Takeaway: Sparklers like a pop star who can commit.
The Cute Girl Bracket
Rundown: Equal opportunity! You asked for it, and you got it: a bracket for the Manklers. A lack of glasses and short hair was duly noted. We regret the error. Despite difficulty with your rights and lefts, fourteen lovely ladies were eliminated until we had the age-old face-off: blonde or brunette. Turns out blondes don't have more fun, because you chose the smiling brown-haired beauty over the pouty flaxen fox.
Takeaway: Smiling makes you prettier.
The Villain Bracket
Rundown: There was so much unruly malevolence in this bracket that it would not even cooperate with bracket conventions, and we had a first-ever event—a tie in the semifinals. In a particularly difficult round, you were confronted with a three-way duel between Benedict Cumberbatch, Heath Ledger, and Ralph Fiennes. Despite your mad respect for the memory of Heath, He Who Must Not Be Named was, in fact, named as the champion.
Takeaway: Harry Potter 4 EVA.
The Puppy Bracket
Rundown: Your suspicions were correct. We were actually trying to make you cry. Why else would we ask you to make these impossible decisions? Our plan backfired, however, when we had a four-way tie in the finals. By one vote—ONE!—the fuzzy wuzzy Yorkshire Terrier that we're 99% sure was a real dog and not a stuffed animal won Best in Show. And all of you went home and asked your parents for a puppy.
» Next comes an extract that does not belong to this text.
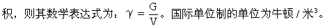 比重】物体的重力和它的体积的比值,即单位体积的某种物质的重力,称作该物体的“比重”。用γ表示比重,G表示重力,V表示体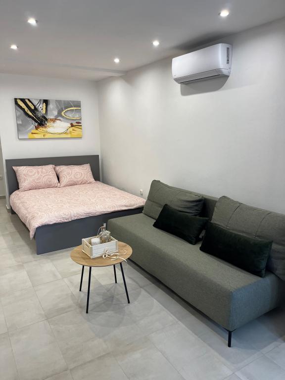 Apartments BB er nyindrettede, fuldt udstyrede lejligheder med aircondition. De ligger i en stille ensrettet gade, hvor trafikken kun er for gadens beboere, hvilket også gør det til en sikker zone for børn at lege. Der er også en parkeringsplads til hver lejlighed. Lejlighederne ligger 150 m fra den anlagte stenstrand og den nærliggende bugt med sandstrand. Butikker er kun 200 m fra lejligheden, og det nærliggende bageri ligger 100 m væk. Nærhed til diverse faciliteter er en stor fordel ved disse lejligheder, men den største kvalitet er bestemt den følelse, som lejlighederne giver - som hjemme!

Takeaway: Confirmed. Puppies are, in fact, adorable.
The Kitten Bracket
Rundown: Of course we couldn't do a puppy bracket and not do a kitten bracket. That would unsettle the very delicate balance of the universe. Cat fanciers leaped enthusiastically into the fray, exercising their stock options until we were down to Very Concerned Scottish Fold and Hip Hop-Dancing Grey Tabby. What she lacked in ear cartilage she made up for in adorableness, and you chose the former.
Takeaway: No kitty left behind at SparkLife.
The Piglet v. Bunny Bracket
Rundown: No one could have seen this battle royale coming. It was the first bracket where we pitted two different things against each other. From the get-go, it appeared the bunny wunny wabbits would have it. And they did. Somewhere in the Hundred Acre Wood, Piglet wept bitterly but vowed to compete again another day.
Takeaway: You haaaaaate piglets and love bunnies. JK. JK. Don't have an aneurysm. We know this one really tore you up inside. The takeaway is that Sparklers are animal lovers.
The Board Game Bracket
Rundown: In a moment of meta-consciousness, we thought, "Hey, why not do a game of games?!" Choosing only 16 board games to compete was difficult, but not as difficult as the choices you had to make. Despite the serious heat Monopoly was getting in the comments, the classic game made it to the finals, where it lost against one of the bracket's newest competitors, Apples to Apples.
Takeaway: Word games are more fun than math games.
The Halloween Candy Bracket
Rundown: With Halloween around the corner, this bracket was a no-brainer. We knew the real question would be chocolatey or fruity, and the Sparklocracy spoke loud and clear on that matter. Admittedly, your votes surprised us. Three Musketeers over Butterfinger? M&Ms over Snickers? Really? But you call the shots, and M&Ms won the bracket.
Takeaway: Give the Sparklers chocolate and no one gets hurt.